Voorzitter. Laat ik maar proberen om het te houden bij de Voorjaarsnota. Sinds enige jaren kennen we het Europees semester en een voorjaarsnota met een meerjarig perspectief. Dit houdt vrijwel automatisch in dat er behoefte bestaat hierover van gedachten te wisselen met de regering. Mijn partij is daarbij geen vragende partij. Wij zijn tevreden met één beleidsdebat na de presentatie van de miljoenennota, wanneer het budgettaire beleid inclusief de lastenverdeling actueel en compleet is, en zeker dit jaar, wanneer bij de bespreking van de Voorjaarsnota de inhoud al deels achterhaald is en als gevolg daarvan ook suppletoire begrotingen moeten worden aangepast en vandaag en morgen in stemming komen aan het andere Hout. Maar goed, met een beetje goede wil kan het debat vandaag toch informatief zijn.

Laten we beginnen bij de beoordeling van het budgettaire beleid door de Europese Commissie, want het semester is nou eenmaal uitgevonden om de Europese Commissie de mogelijkheid te geven het beleid te beoordelen. Het oordeel is dat de uitgavengroei van Nederland, zoals neergelegd in de Voorjaarsnota, hoger is dan het aanbevolen uitgavenpad. Aanbevolen wordt de uitgavengroei te verlagen, hoewel er geen handhavingsmaatregelen kunnen worden genomen zolang dit binnen de referentiewaarde blijft, maar dat is, in mijn ogen, secundair. Kortom, minister, de potentiële schade als gevolg van het debat aan het andere Hout dient beperkt te blijven om geen afbreuk te doen aan soliditeit en onze reputatie.

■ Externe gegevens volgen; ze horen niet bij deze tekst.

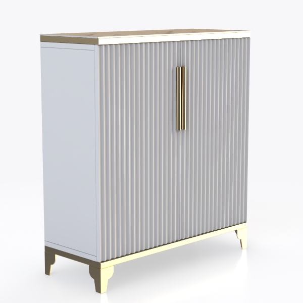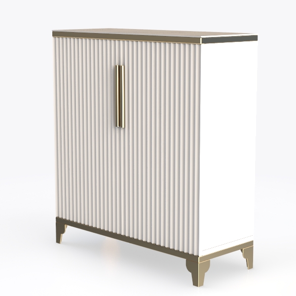 Perfect for a modern-luxury living room, it pairs effortlessly with marble-topped side tables and brass floor lamps, or as a dining room sideboard to showcase curated table settings. In a bedroom, it doubles as a vanity console or a linen closet, its vertical ribs creating a visually elongating effect that makes smaller spaces feel more open. Inside, the double-door design reveals a surprisingly spacious interior, with adjustable shelves to adapt to storage needs—whether stashing cookbooks, decor, or daily essentials.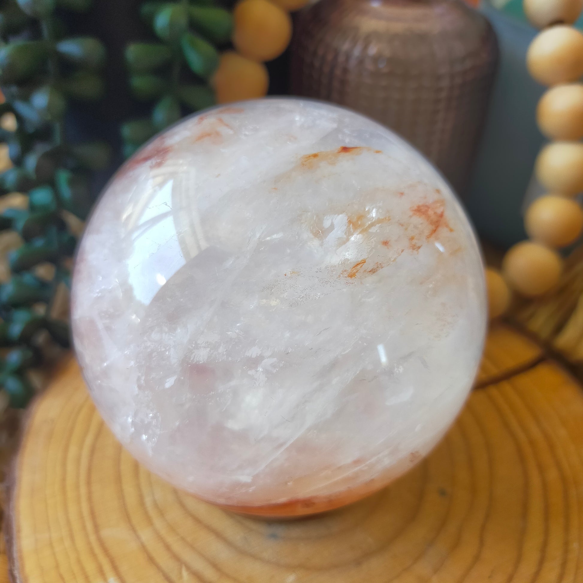 Stunning fire quartz sphere with gorgeous flashes and rainbows 🔥✨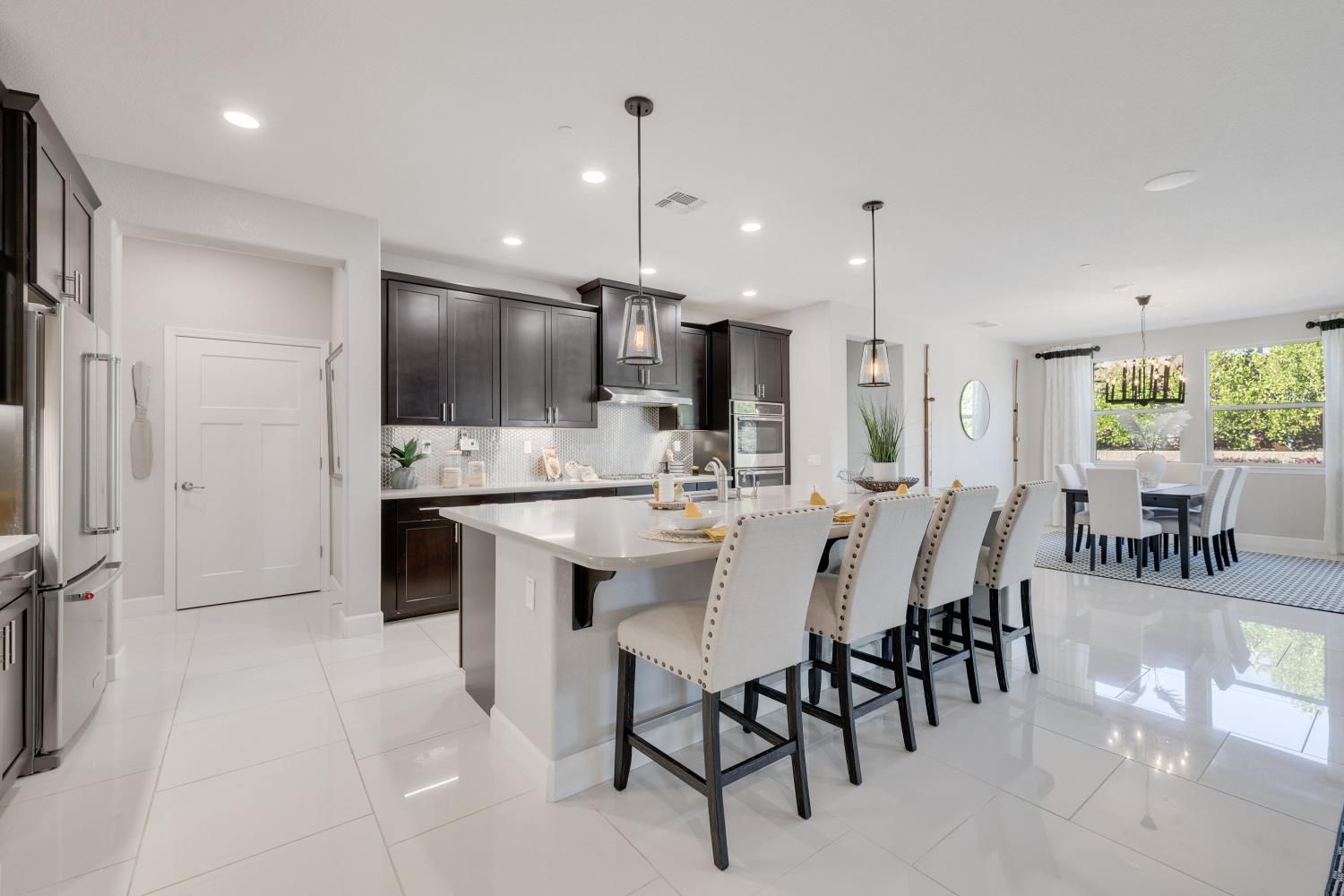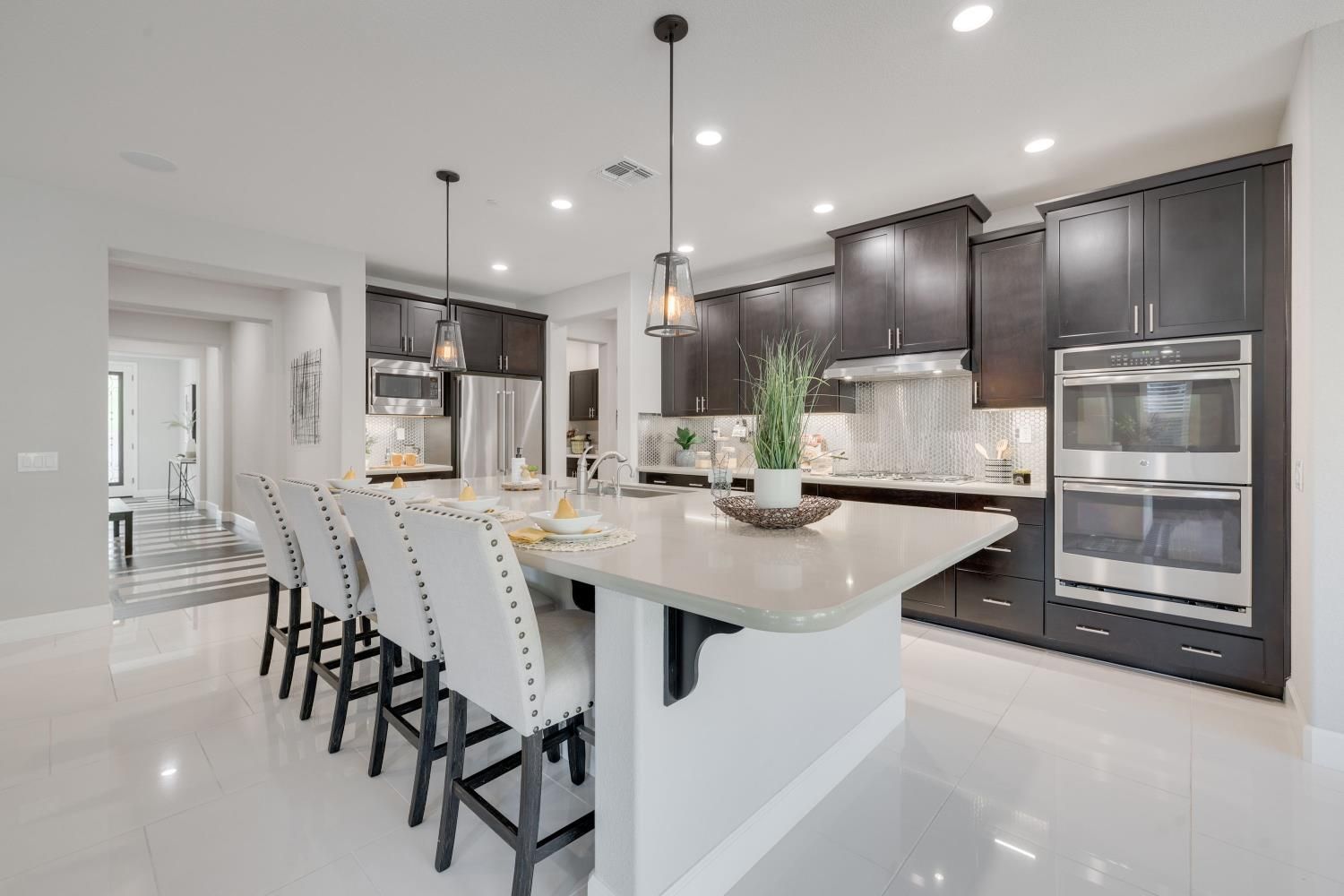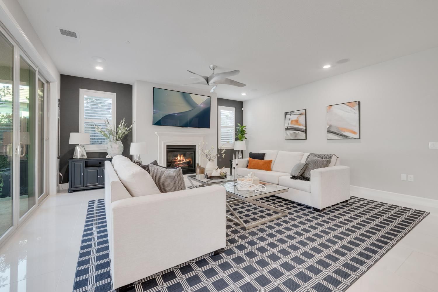 Welcome to this stunning former Santa Barbara model home in Heritage El Dorado Hills- a rare gem offering 3 bedrooms plus a den, 2.5 baths, a 2-car garage, and owned solar. You'll love the plantation shutters, luxury flooring, and open layout that creates a warm, inviting atmosphere. The gourmet kitchen is front and center, featuring a large island, quartz countertops, and stainless steel appliances. It opens to a separate dining area and living room with fireplace, where dual sliding glass doors lead to a beautifully landscaped backyard with an oversized covered patio, built-in BBQ, and fire pit- ideal for entertaining. Enjoy resort-style living at Heritage El Dorado Hills, a fabulous 55+ gated community with 2 spectacular clubhouses, indoor and outdoor pools, fitness center, tennis, pickleball and bocce ball courts, aerobic studio, pub, movie theater, card room, art studio, and billiards room, dog park, and scenic walking trails. With low Mello-Roos and HOA, plus close proximity to El Dorado Hills Town Center for shopping, dining, and Highway 50 access, this is luxury active adult living at its best.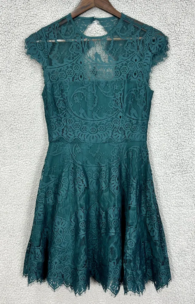 BB Dakora Rhiaana Open Back Lace Fit & Flare Cocktail Dress Green Womens size 2 Glam HOCO Party Even... Show more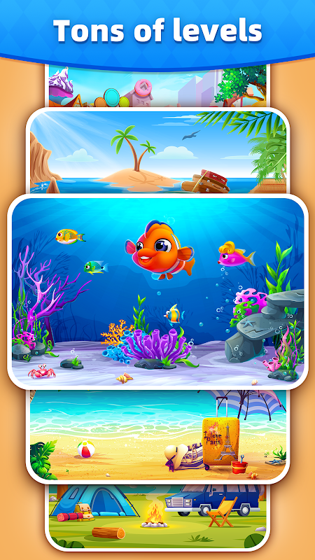 В этой игре тысячи различных картинок. Вы можете начать с поиска 5 отличий и стать профессионалом, решая более сложные уровни. Эти потрясающие яркие картинки включают мультфильмы, животных, еду, комнаты, красивые пейзажи и многое другое. Обычные уровни очень расслабляющие и не имеют таймера. Также вы можете использовать подсказки, чтобы найти скрытые отличия, если они вам кажутся трудными.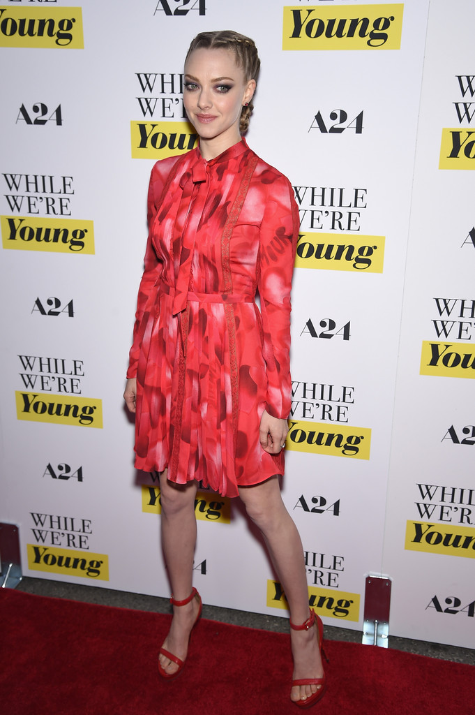 Amanda Seyfried was a breath of fresh Spring air at the While We’re Young New York Premiere, choosing a red and white printed tie-neck dress from Valentino’s Pre-Fall 2015 collection. Her braided hairstyle only added to the look’s elegance.
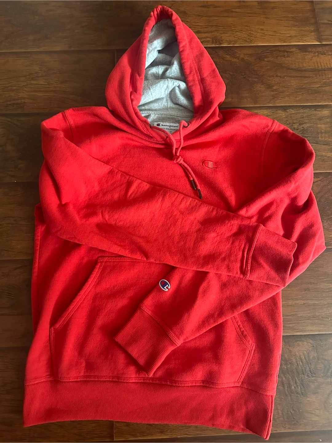 Selling a Champion hoodie in a vibrant red colour! It's a size medium and in great condition. The hoodie features the Champion logo on the chest and sleeve. Perfect for staying cozy and stylish!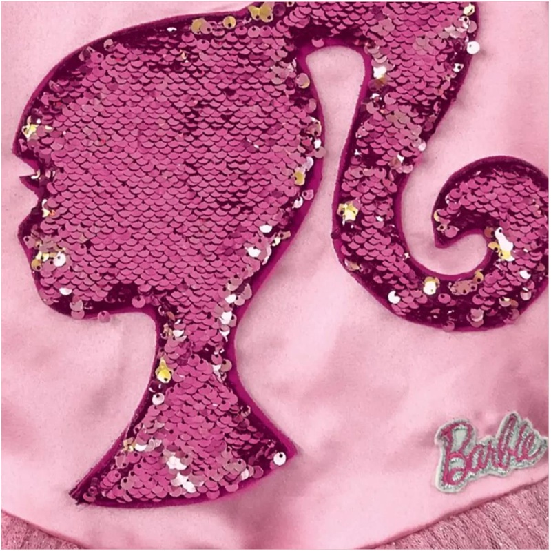 Haljina je u prekrasnoj ružičastoj boji koja će oduševiti svaku malu djevojčicu. Ukrašena je sjajnim šljokicama koje daju poseban sjaj i glamur. Na suknji haljine nalazi se uzorak Barbie i zvijezda koji će privući poglede i stvoriti osjećaj bajkovite atmosfere.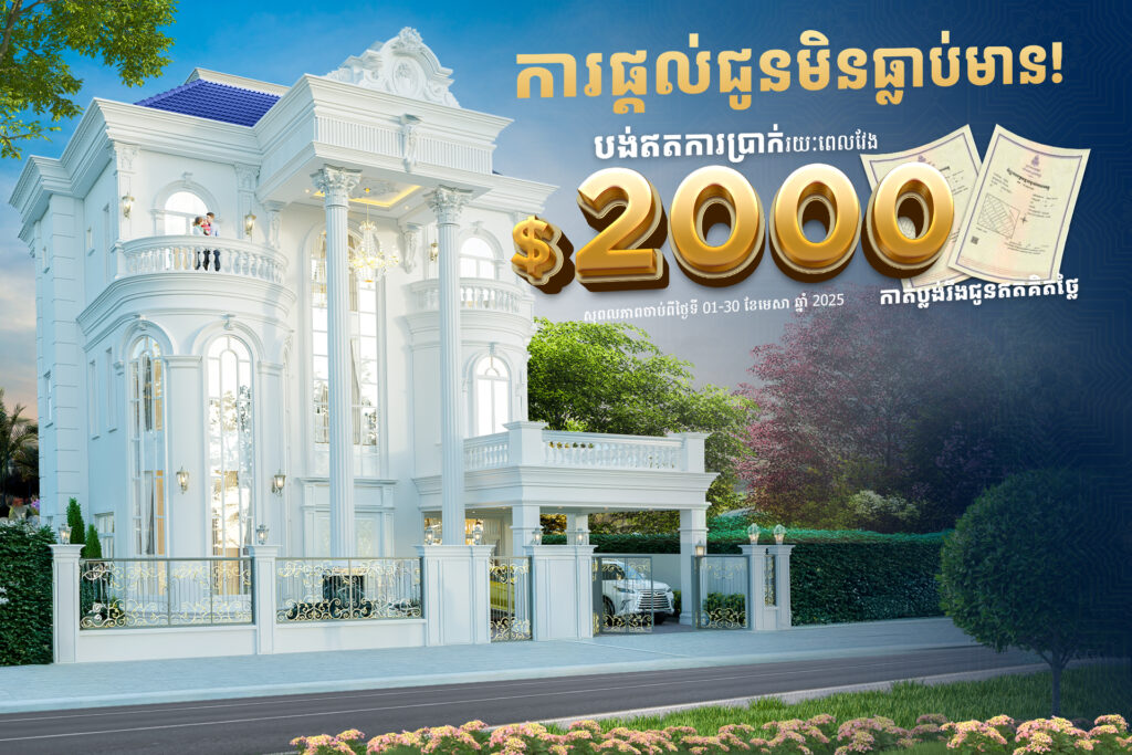 នៅក្នុងឱកាសពិធីបុណ្យចូលឆ្នាំប្រពៃណីខ្មែរខាងមុខនេះបុរី វិមានសំណាង និងរៀបចំកម្មវិធីប្រម៉ូសិនមិនធ្លាប់មានពីមុនមកជូនដល់អតិថិជន លោកអ្នកគ្រាន់តែបង់ត្រឹមតែ $2000 ឥតការប្រាក់រយៈពេល ២៤ខែ ហើយអ្វីដែលពិសេសថែមទៀតនោះមានការផ្ដល់ជូនការកាត់ប្លង់រឹង LMAP ជូនភ្លាមៗ។ បញ្ជាក់៖ កម្មវិធីដ៏ពិសេសនេះចាប់ពីថ្ងៃទី𝟏-𝟑𝟎 ខែមេសា ឆ្នាំ2025 តែប៉ុណ្ណោះ!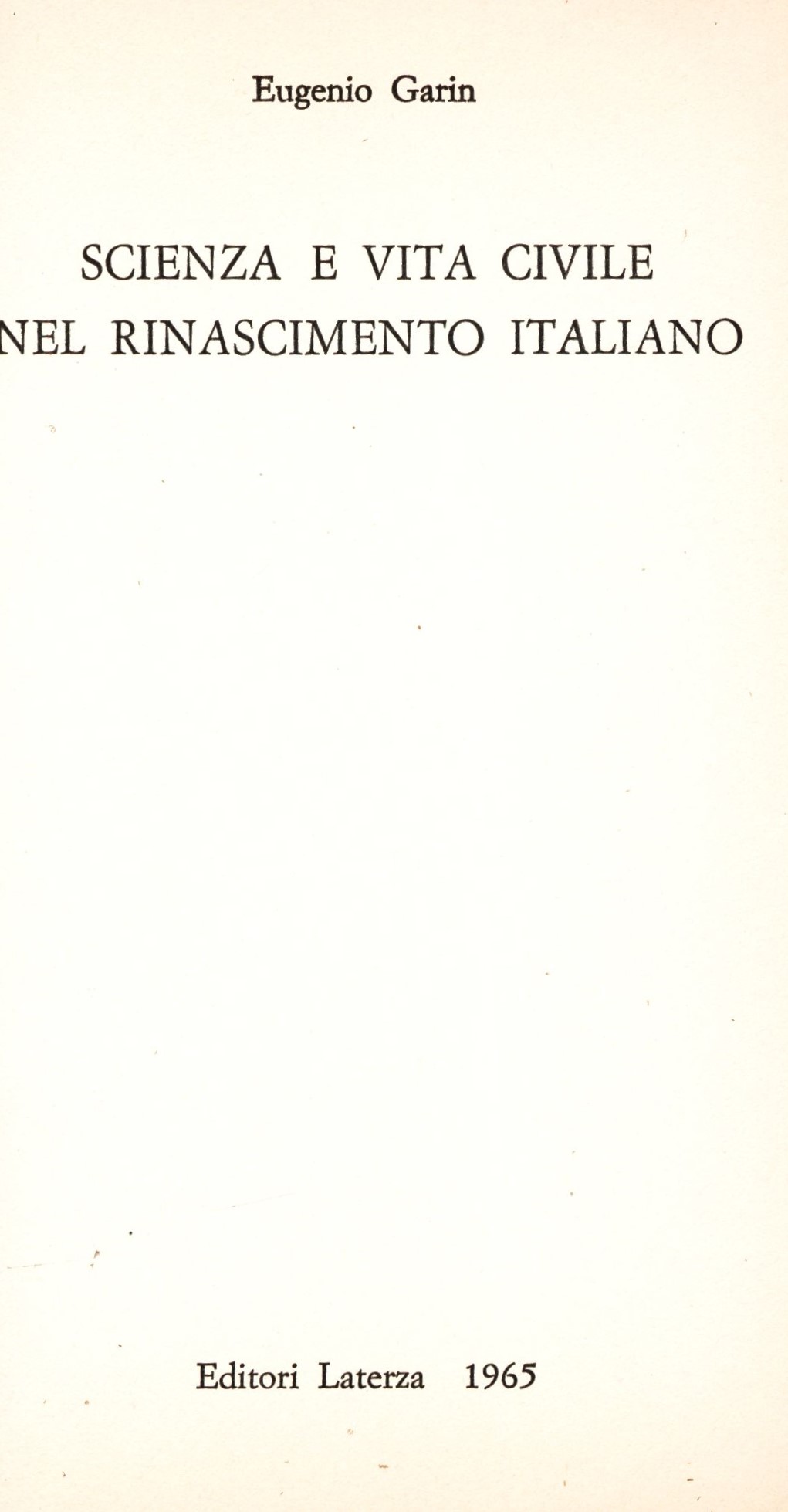 Názvové údaje Scienza e vita civile nel Rinascimento italiano / Eugenio Garin Osobní jméno Garin, Eugenio, 1909-2004 (Autor) Další autoři Editori Laterza (Nakladatel, vydavatel) (Tiskař) Nakladatel Bari : Editori Laterza, 1965 Výrobce d´arti grafiche Gius. Laterza & Figli Rozsah 181 stran ; 18 cm ISBN (brožováno) Edice Universale Laterza ; 21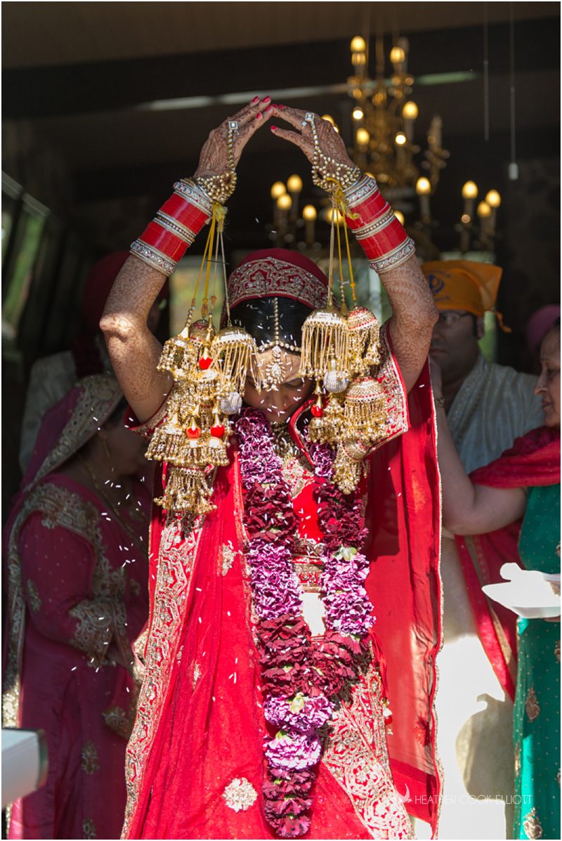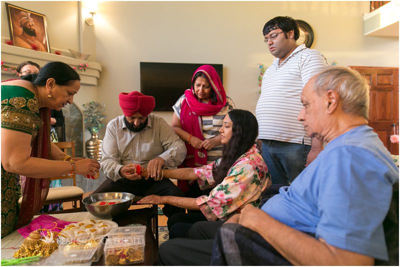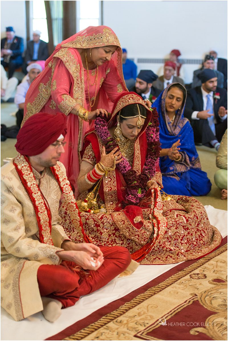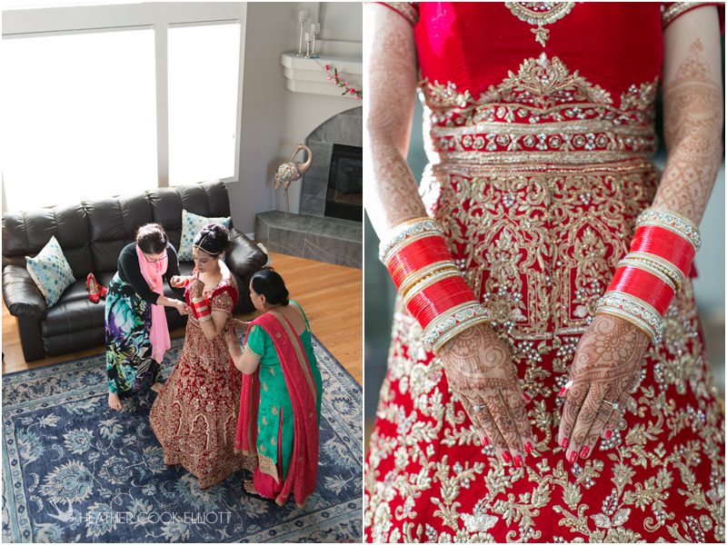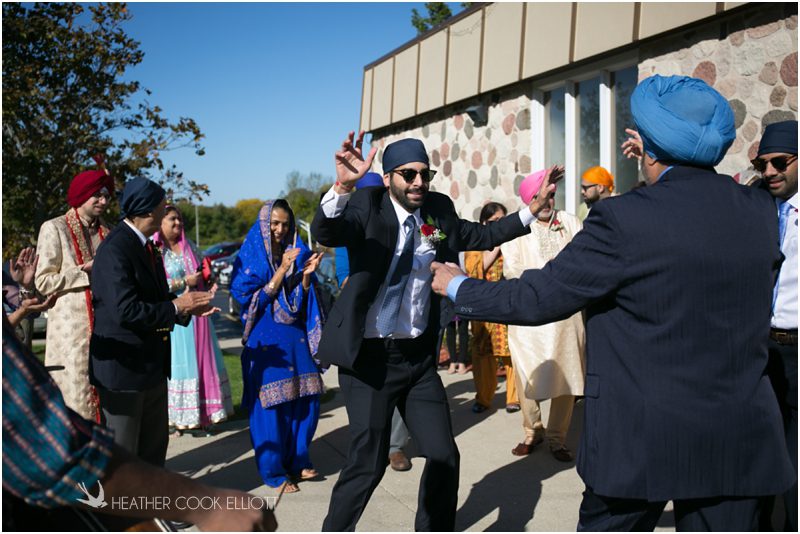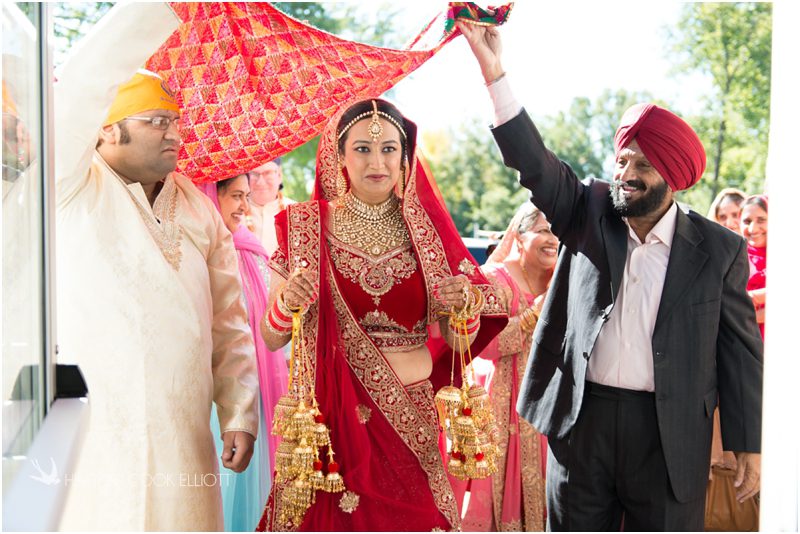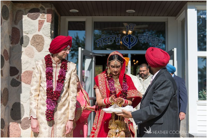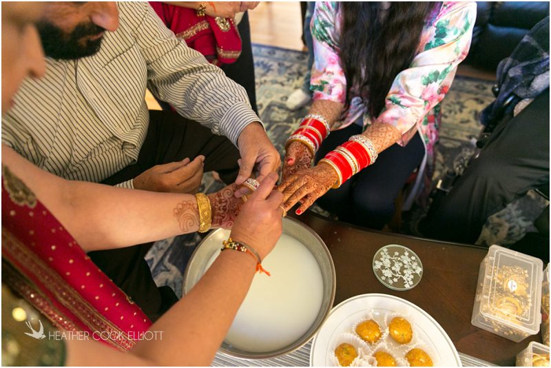 On the day of the wedding the October sky stays blue and cloudless while Nita and Justin prepare for a day that starts before sunrise and will end well after midnight. Nita’s preparations begin with an emotional chura ceremony performed by her uncle with the help of her parents and close relatives. The traditional red, cream and gold bangles set on her arms mark her as one to be married today. Across town Justin’s father and uncle work together to wrap his unfamiliar turban, an outward sign that he too, is to be married today. Bejeweled and adorned they will celebrate together to the sound of drums and marvel how lucky they are to be together, to be the reason for all this happiness, to be husband and wife.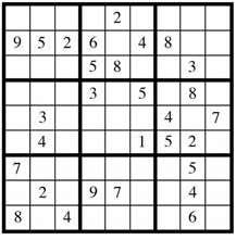 Fill in all the squares in the grid so that each row, each column and each 3x3 square contains all the digits from 1 to 9.

U hebt een brief gezonden naar de Kamer op verzoek van de heer Van der Lee, waarbij met name wordt ingegaan op het niet doorgaan van de huurbevriezing. Maar ziet het ernaar uit dat het daarbij blijft? Het is natuurlijk zonder meer een gevaarlijk jaar, want tijdens een verkiezingscampagne wordt vaak meer beloofd dan kan worden waargemaakt. Zoals de minister aan de overkant verklaarde: gratis geld is populair, zeker in verkiezingstijd. Maar geld is nooit gratis, hoewel enkele jaren geleden weleens beweerd werd dat dat zo is. In deze context zou mijn fractie ingenomen zijn met een toezegging van de minister dat wat uiteindelijk de uitkomst van de debatten ook is en welke invloed dat ook heeft op de voorliggende suppletoire begrotingen, de afgesproken begrotingsregels blijven gelden en dat extra wensen met geen of ondeugdelijke dekking — die wensen zijn er natuurlijk altijd, ook bij de VVD, kan ik u verzekeren — in ieder geval niet in overweging worden genomen. Graag een reactie van de minister.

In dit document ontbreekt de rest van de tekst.